两部门推动黄金税收新政落地 优化即征即退与免征环节
Chang Jiang Shang Bao·2025-11-02 23:14

Core Viewpoint - The new tax policy for gold transactions aims to standardize tax management in the gold market, promote healthy development, and reduce transaction costs while enhancing market vitality [1][2]. Group 1: Tax Policy Details - The new policy, effective from November 1, distinguishes between investment and non-investment gold, optimizing the immediate tax refund and exemption processes [1][2]. - "Standard gold" is defined as gold that meets specific standards in both grade and specification, including various purities (AU99.99, AU99.95, AU99.9, AU99.5) and weights (50g, 100g, 1kg, 3kg, 12.5kg) [1]. - Transactions involving standard gold through the Shanghai Gold Exchange and Shanghai Futures Exchange will be exempt from value-added tax (VAT) for sellers, provided there is no physical delivery [1][2]. Group 2: Investment vs.
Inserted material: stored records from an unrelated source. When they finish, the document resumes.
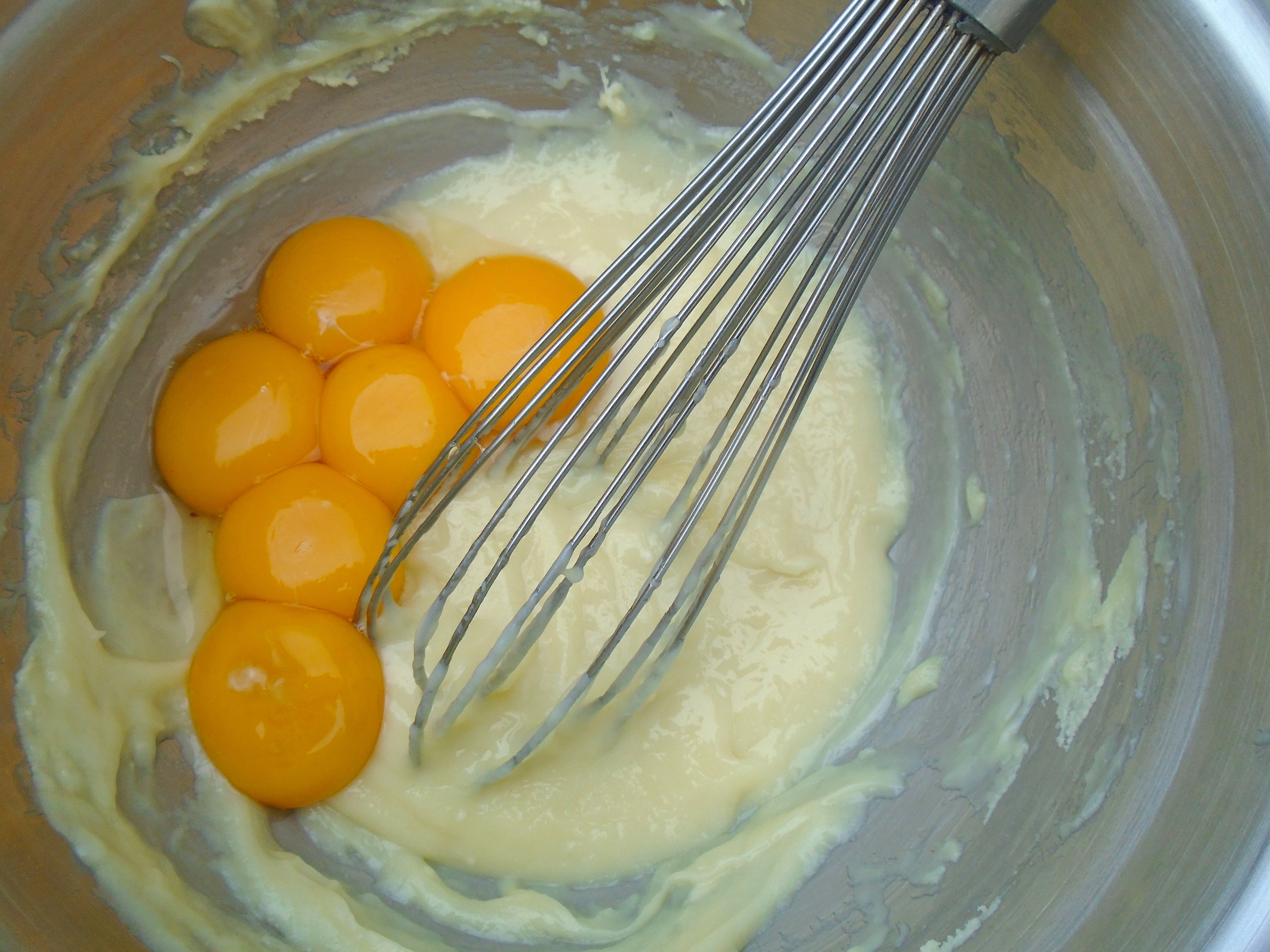 add the egg yolks, incorporate
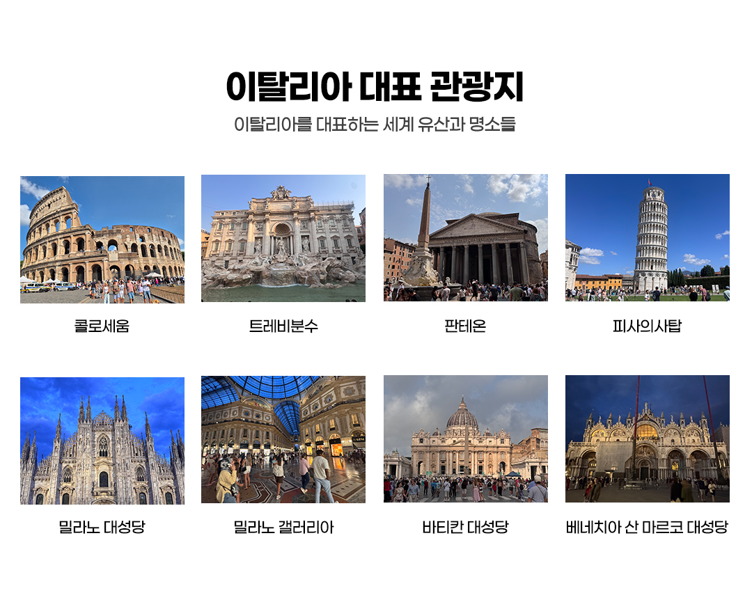 이탈리아 관광 중심지를 한번에 연결해서 즐겨보실 수 있습니다.
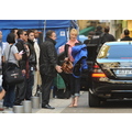 Katherine looks dowdy from the waist up on the set of her new movie!
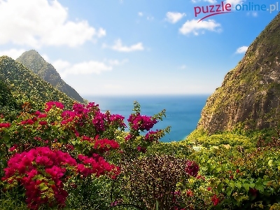 Puzzle Krzewy, Góry, Morze, Kwiaty
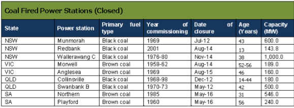 Figure 10 Closed coal-fired power stations in Australia [ref 2].
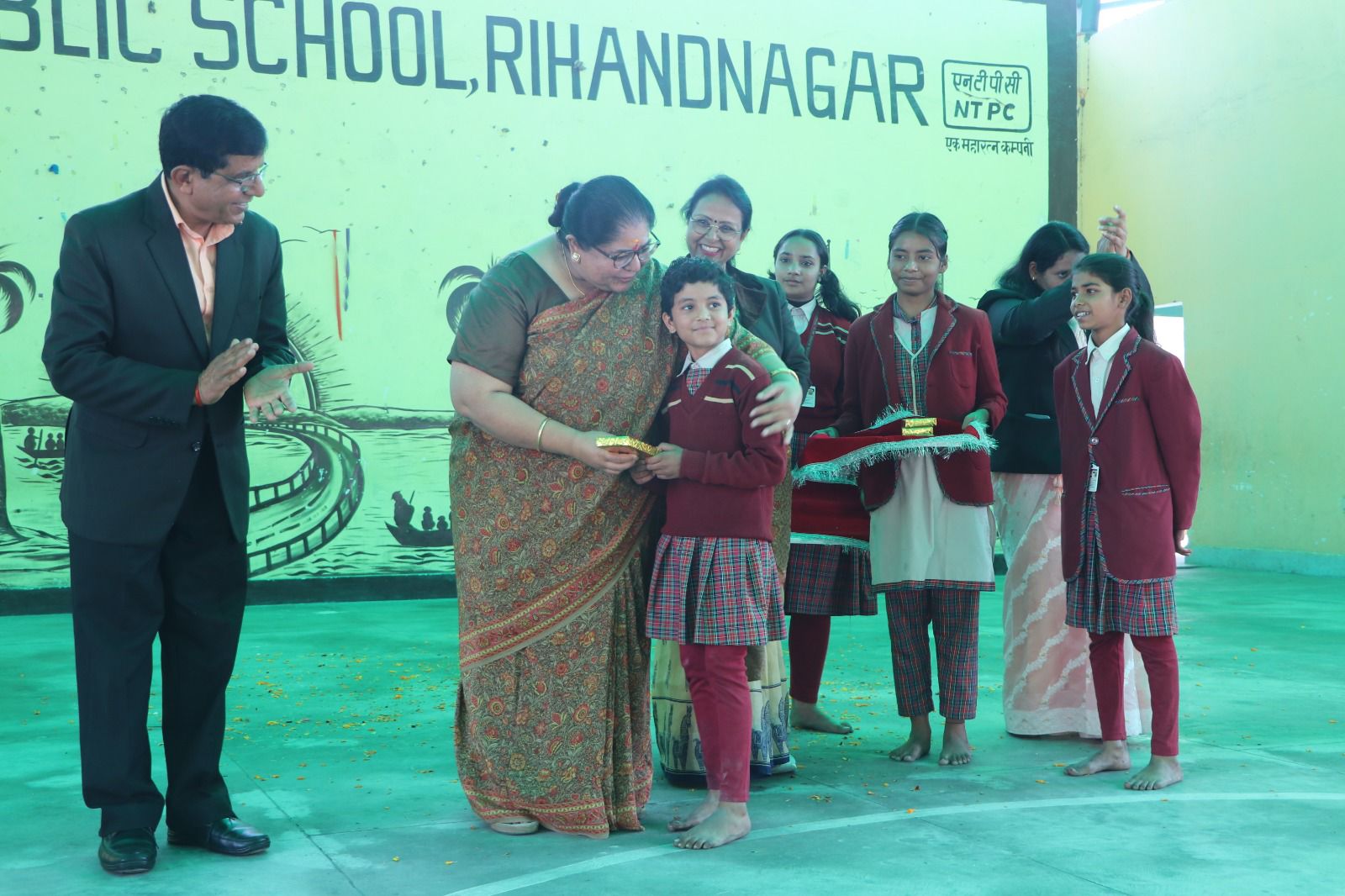 सर्वप्रथम एन सी सी कैडेट्स ने मुख्य अतिथि एवं विशिष्ट अतिथि को सलामी देते हुए आगवानी की। तत्पश्चात विद्यालय के प्राचार्य राजकुमार ने बच्चों के स्काउट ताली के बीच पुष्पगुच्छ भेंट कर पंकज मेंदीरत्ता एवं श्रीमती अनीता मेंदीरत्ता का स्वागत किया। हवन के बाद सभागार में बैठे विद्यार्थियों के ऊपर फूलों की पंखुड़ियां डाल कर परियोजना प्रमुख ने आशीर्वाद दिया। तत्पश्चात कक्षा- छठी और सातवीं की छात्राओं ने विशेष रूप से तन्वी, दृष्टि, खुशी, अंजलि, कृतिका , कक्षा प्रथम की छात्रा अनन्या पांडे, कशिश, कशफ आदि ने नृत्य के द्वारा सभी का मन मोह लिया। इसके बाद वर्तिका महिला मंडल की अध्यक्षा श्रीमती अनीता मेंदीरत्ता ने जेईई-मेन में सफलता हासिल कर विद्यालय एवं क्षेत्र का नाम रोशन करने वाले छात्रों अंकित कुमार 98 परसेंटाइल, हर्ष यादव 97 परसेंटाइल, अख्तर रजा 92 परसेंटाइल, अविनाश मौर्या 89 परसेंटाइल, सौरभ कुमार 86 परसेंटाइल को पुरस्कृत कर सम्मानित किया। उन्होंने सभी सफल विद्यार्थियों को आई आई टी एडवांस में सफलता हासिल करने के लिए हौसला अफजाई करते हुए आशीर्वाद दिया। इस अवसर पर सौ प्रतिशत वार्षिक उपस्थिति वाले छात्रों नीरज, रूही,आयुषी, खुशी , कामरान खान को भी पुरस्कृत कर सम्मानित किया गया। अंत में जेम गर्ल्स और आश्रम से जुड़े बच्चों ने भी मैडम से आशीर्वाद प्राप्त किया। श्रीमती अनीता मेंदीरत्ता ने अपने संबोधन में कहा कि नैतिक मूल्यों के बिना शिक्षा पूरी नहीं हो सकती। डीएवी पब्लिक स्कूल के बच्चों के अनुशासन की सराहना करते हुए उन्होंने कहा कि अनुशासन हीं मनुष्य को महान बनाता है। इसलिए हमें जीवन के हर क्षेत्र में अनुशासन को अपनाना चाहिए ।
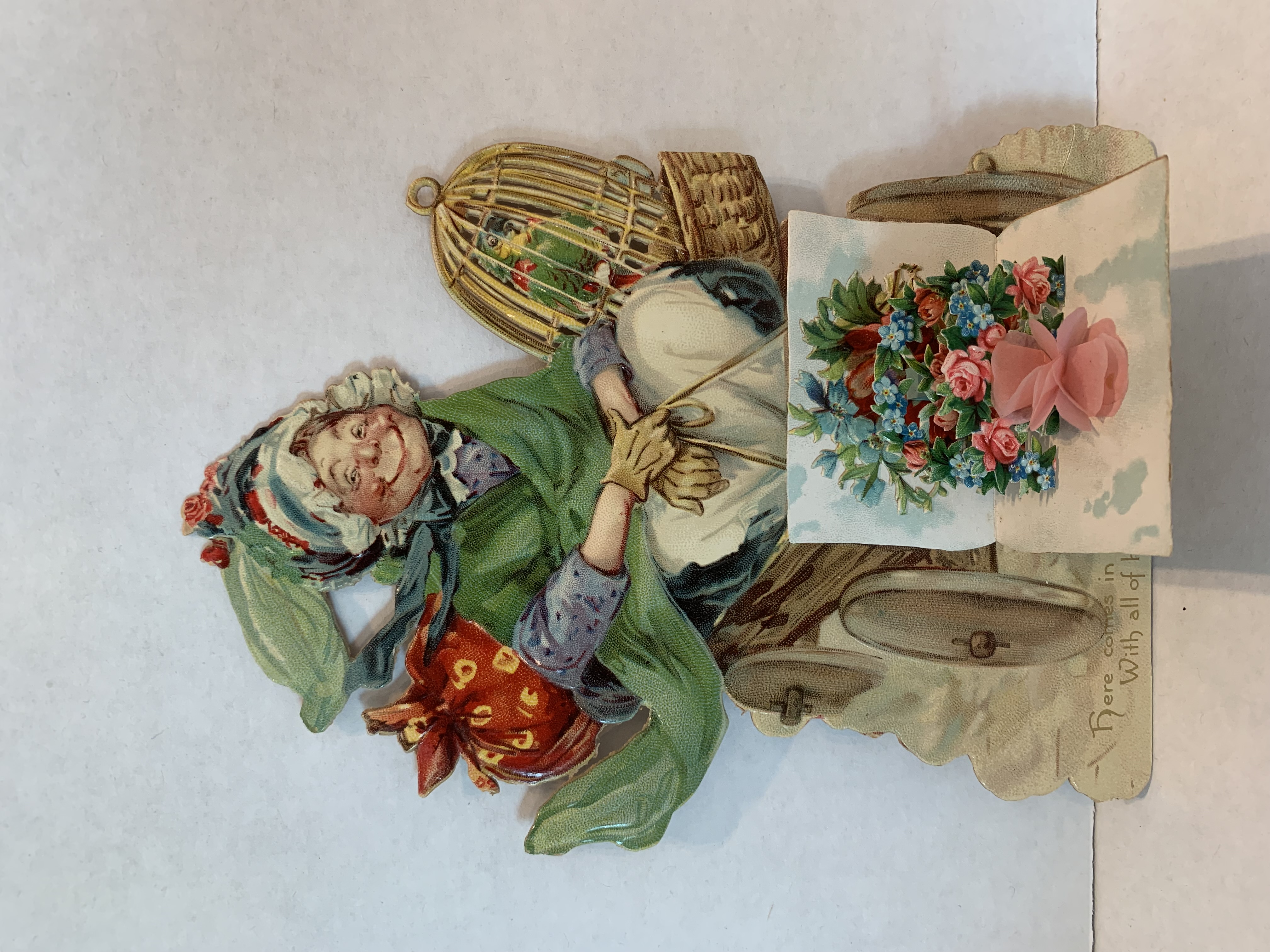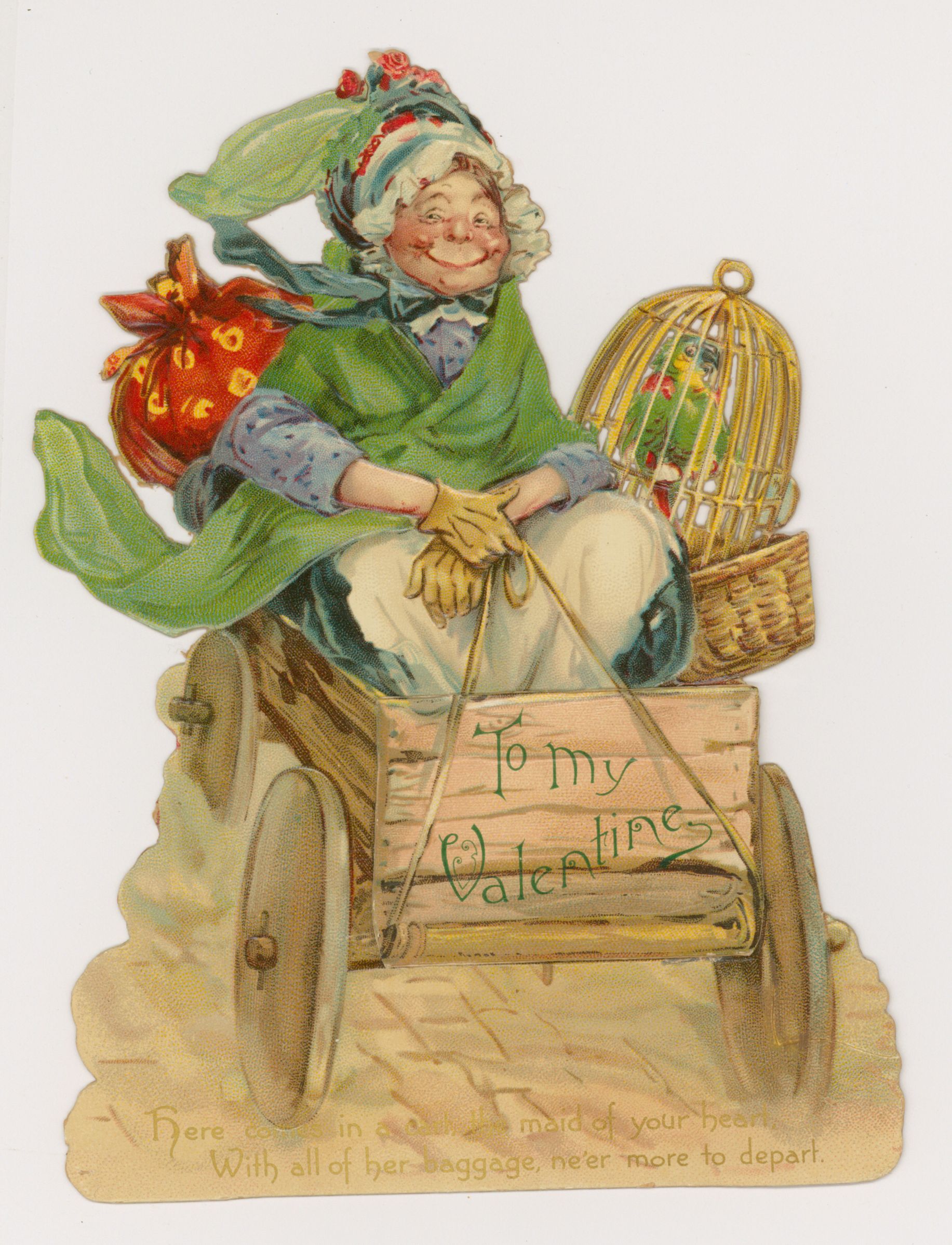 TO MY VALENTINE, Woman in a cart, parrot in a cage

Non-Investment Gold - For investment purposes, VAT will be refunded immediately upon purchase, and urban maintenance and education fees will be exempted [2]. - If standard gold is sold or processed into investment products, VAT must be paid according to existing regulations, except for certain approved legal tender gold products [2]. - Non-investment gold transactions will also benefit from VAT exemptions at the exchange level, with specific provisions for general VAT taxpayers [2][3]. Group 3: Customer Regulations - Customers purchasing standard gold will uniformly benefit from VAT exemptions at the exchange level, regardless of the intended use [3]. - General VAT taxpayers among customers can calculate input tax based on the ordinary invoice amount and a 6% deduction rate [3]. - Sales of standard gold, whether direct or after processing, will require compliance with existing VAT regulations [3].